[PROVIDED DATA — start]

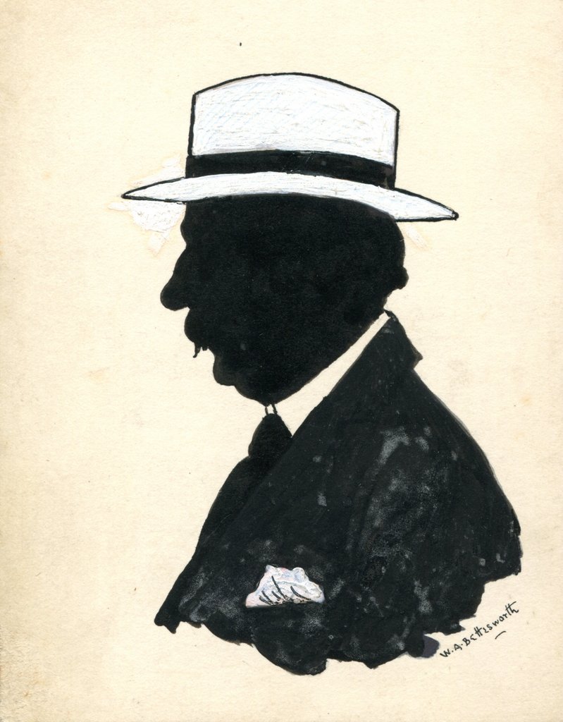 - DescriptionBlack, Head and shoulders, profile, silhouette picture. Man facing left, wearing white hat and jacket with white handkerchief in pocket. Signed ‘W.A.Bettesworth.’.
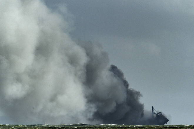 O navio arde em chamas desde 20 de maio com uma carga de 1,5 mil contêineres carregados com 25 toneladas de ácido nítrico e etanol, entre outros materiais
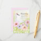 Diese Hochzeits-Party-Registry-Beilagekarte enthält ein handgemaltes Aquarell eines eleganten Whooping Crane, umgeben von sanften rosa, violetten und pfirsichfarbenen Anemonen. Als Symbol für Hingabe und Neuanfang verleiht die romantische botanische Kunst der Feier eine warme und bedeutungsvolle Note.
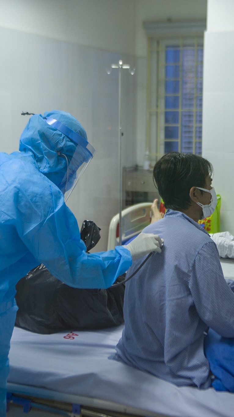 | Thấy chúng tôi đưa máy ảnh chụp, nữ bác sĩ ngạc nhiên: “Chúng tôi làm nghề thì sống chung với người bệnh. Còn mấy anh, không sợ à?". |

[PROVIDED DATA — finish]

WORK ITEM> Pictures are not part of the copy. Please reproduce the material word for word.

FINAL ANSWER>
 - DescriptionBlack, Head and shoulders, profile, silhouette picture. Man facing left, wearing white hat and jacket with white handkerchief in pocket. Signed ‘W.A.Bettesworth.’.
 O navio arde em chamas desde 20 de maio com uma carga de 1,5 mil contêineres carregados com 25 toneladas de ácido nítrico e etanol, entre outros materiais
 Diese Hochzeits-Party-Registry-Beilagekarte enthält ein handgemaltes Aquarell eines eleganten Whooping Crane, umgeben von sanften rosa, violetten und pfirsichfarbenen Anemonen. Als Symbol für Hingabe und Neuanfang verleiht die romantische botanische Kunst der Feier eine warme und bedeutungsvolle Note.
 | Thấy chúng tôi đưa máy ảnh chụp, nữ bác sĩ ngạc nhiên: “Chúng tôi làm nghề thì sống chung với người bệnh. Còn mấy anh, không sợ à?". |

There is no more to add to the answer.